══ Records shown ══
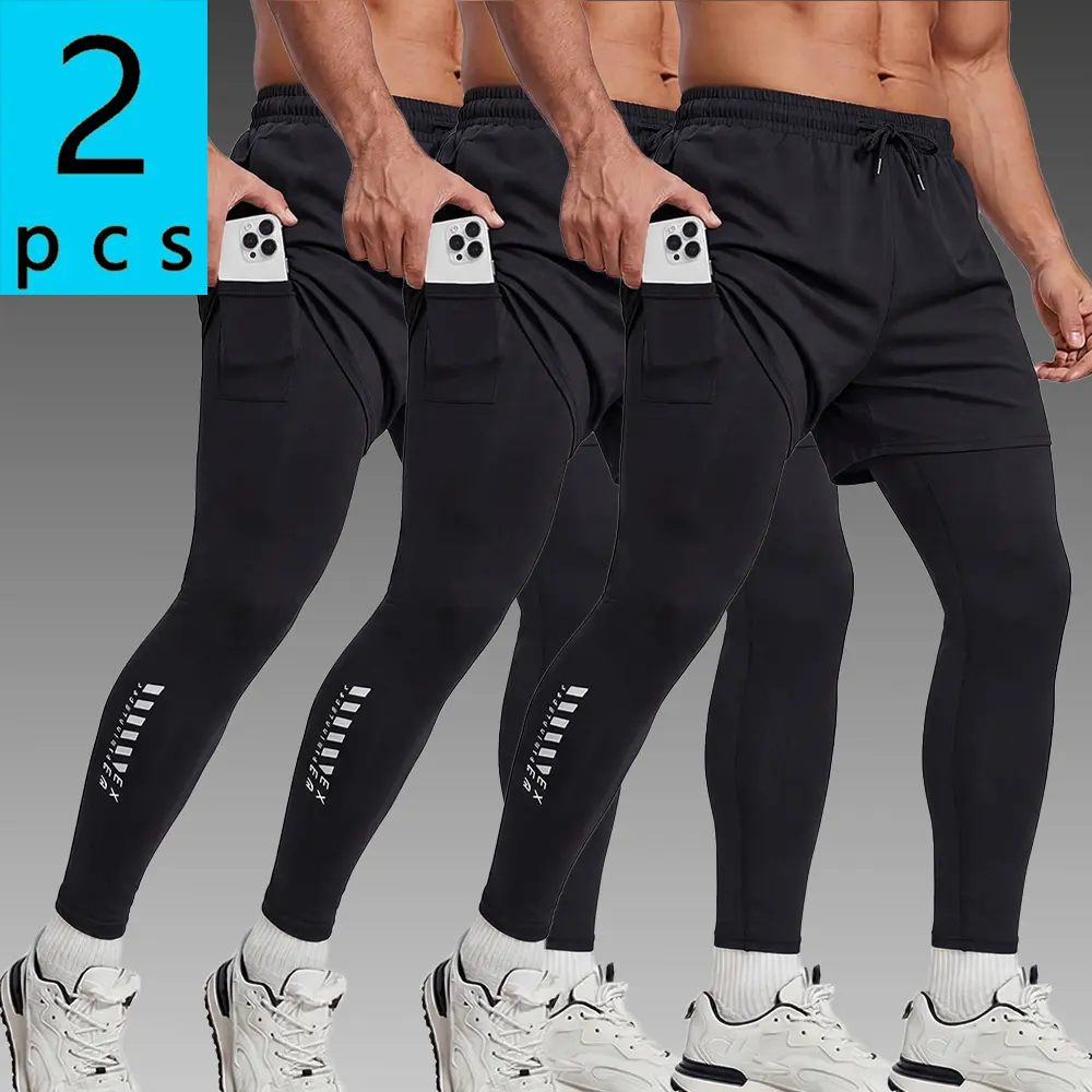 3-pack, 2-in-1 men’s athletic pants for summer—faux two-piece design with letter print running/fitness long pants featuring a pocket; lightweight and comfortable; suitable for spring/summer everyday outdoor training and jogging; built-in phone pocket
═══
══ Records shown ══
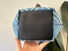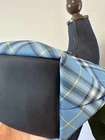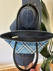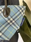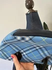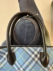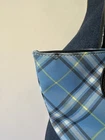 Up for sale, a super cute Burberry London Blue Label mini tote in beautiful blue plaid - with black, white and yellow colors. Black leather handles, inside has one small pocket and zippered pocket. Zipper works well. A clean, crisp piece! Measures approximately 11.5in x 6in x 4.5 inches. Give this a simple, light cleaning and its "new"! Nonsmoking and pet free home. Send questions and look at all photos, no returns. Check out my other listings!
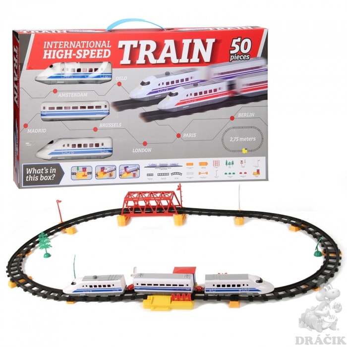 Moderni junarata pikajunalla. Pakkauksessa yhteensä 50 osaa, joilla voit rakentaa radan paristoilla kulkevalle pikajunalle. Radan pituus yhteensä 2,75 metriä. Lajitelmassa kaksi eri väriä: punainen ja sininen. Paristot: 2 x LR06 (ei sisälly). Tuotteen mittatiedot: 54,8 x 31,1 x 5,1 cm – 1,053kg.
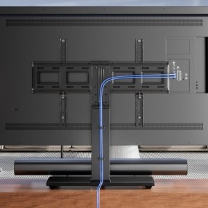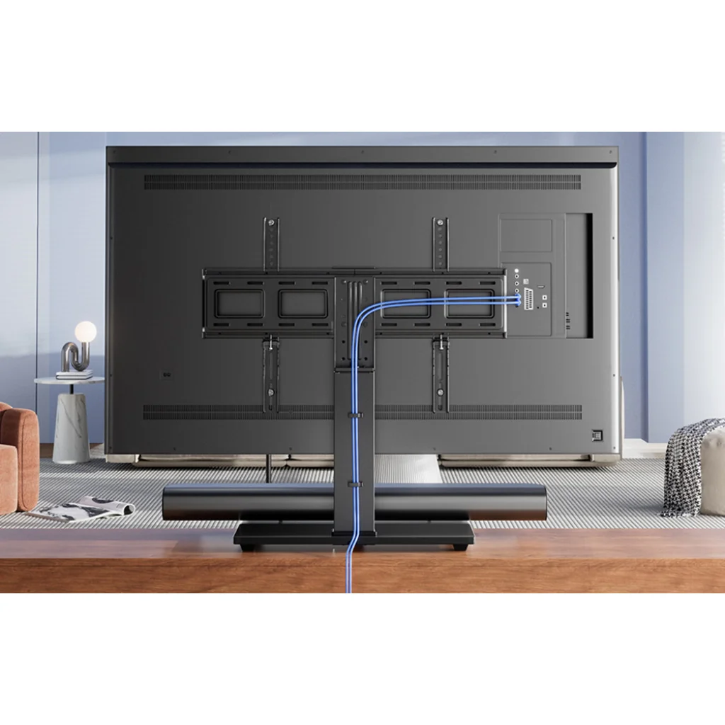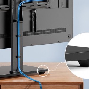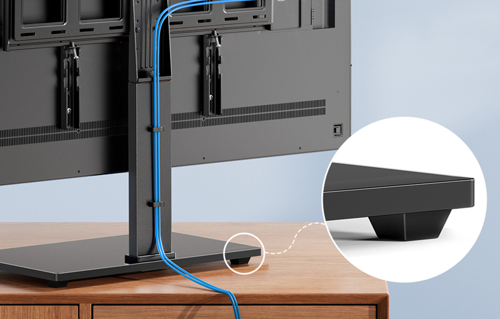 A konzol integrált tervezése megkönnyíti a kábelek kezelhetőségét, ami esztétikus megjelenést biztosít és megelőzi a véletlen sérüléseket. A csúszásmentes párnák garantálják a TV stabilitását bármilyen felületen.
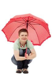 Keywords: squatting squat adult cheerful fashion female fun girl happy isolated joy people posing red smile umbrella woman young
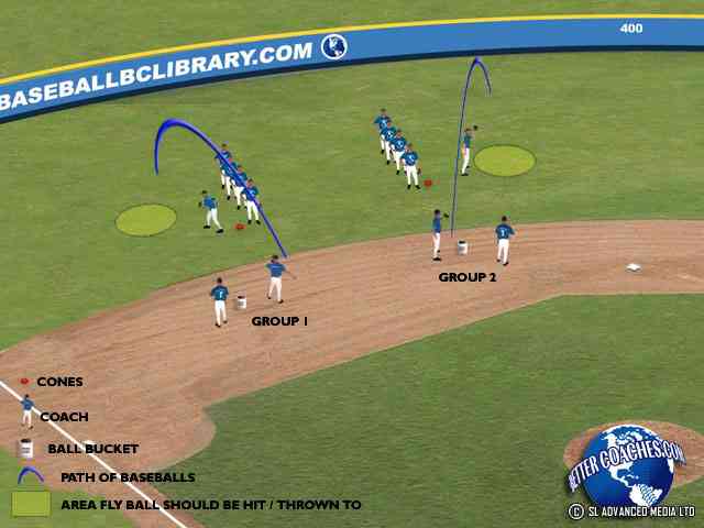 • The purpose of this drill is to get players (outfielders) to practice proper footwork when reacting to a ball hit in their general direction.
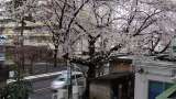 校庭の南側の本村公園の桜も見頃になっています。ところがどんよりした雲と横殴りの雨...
═══
══ Records shown ══
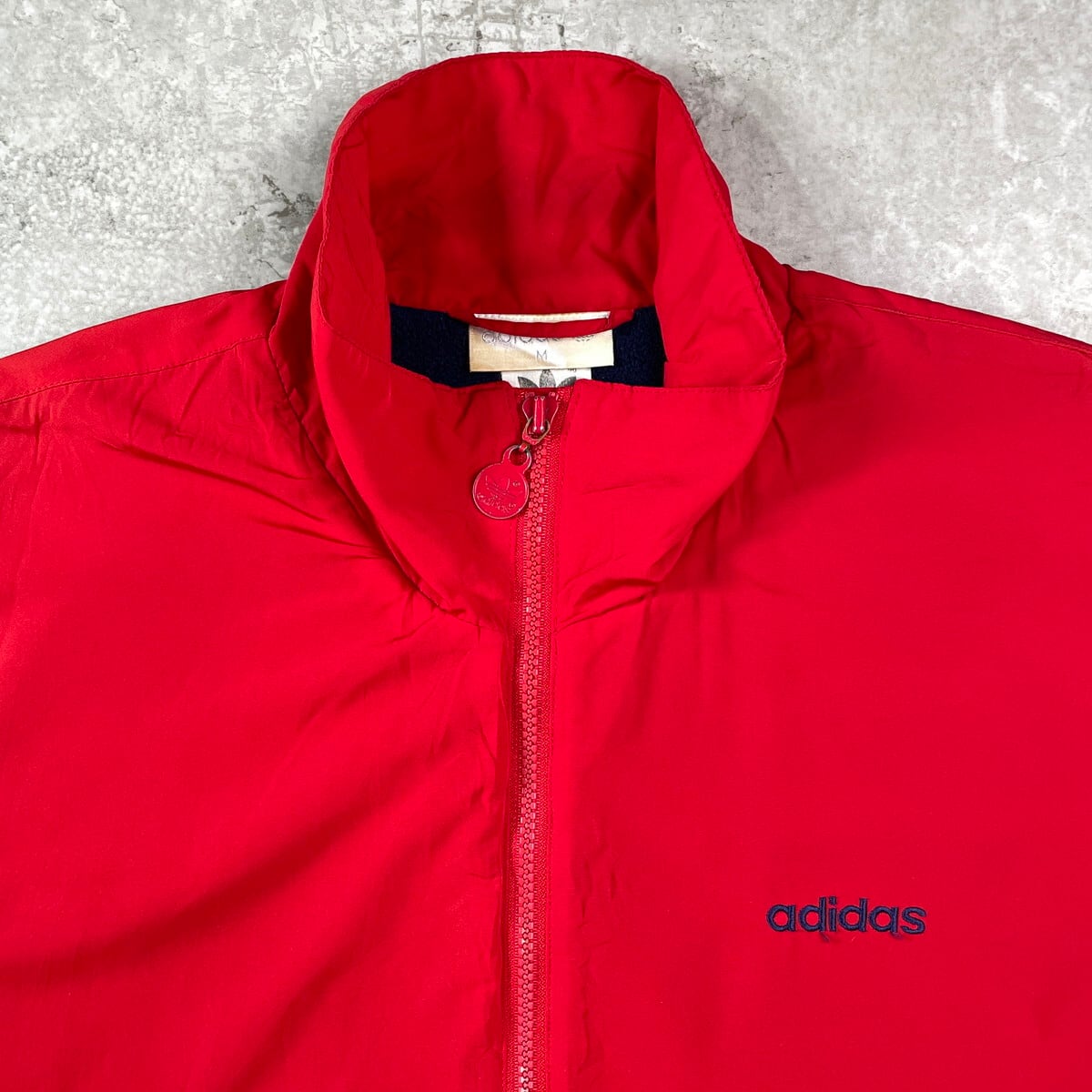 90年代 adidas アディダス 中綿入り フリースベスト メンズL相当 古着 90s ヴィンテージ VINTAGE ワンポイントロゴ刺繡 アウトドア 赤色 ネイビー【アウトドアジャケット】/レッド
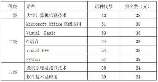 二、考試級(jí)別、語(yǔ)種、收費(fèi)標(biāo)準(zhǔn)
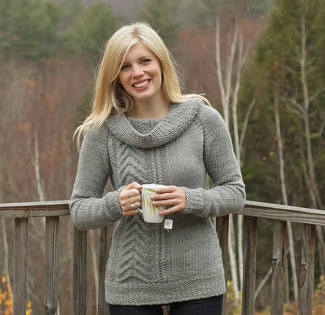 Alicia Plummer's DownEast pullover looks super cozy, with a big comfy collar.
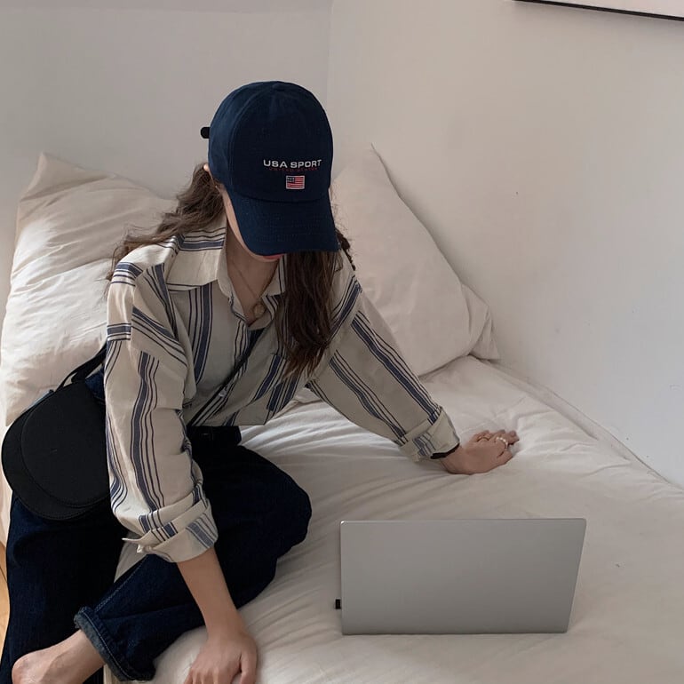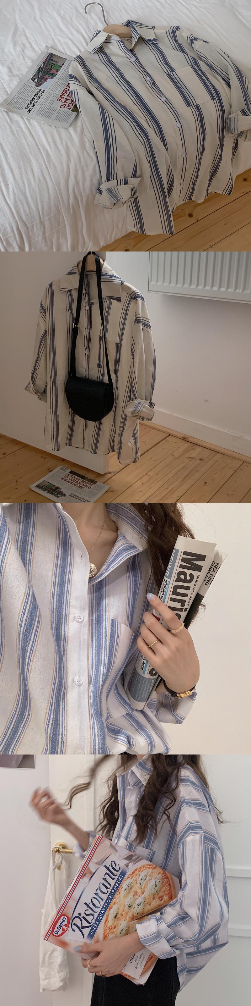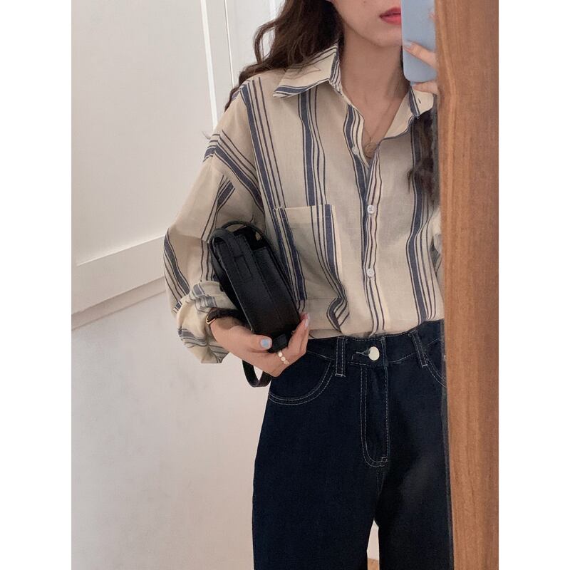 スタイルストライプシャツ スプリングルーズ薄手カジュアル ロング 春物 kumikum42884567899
═══
What to produce
From the material above, give again exactly the lines from the one that contains "二、考試級(jí)別、語(yǔ)種、收費(fèi)標(biāo)準(zhǔn)" through the one that contains "スタイルストライプシャツ スプリングルーズ薄手カジュアル ロング", and leave out the pictures.

Problem solution
 二、考試級(jí)別、語(yǔ)種、收費(fèi)標(biāo)準(zhǔn)
 Alicia Plummer's DownEast pullover looks super cozy, with a big comfy collar.
 スタイルストライプシャツ スプリングルーズ薄手カジュアル ロング 春物 kumikum42884567899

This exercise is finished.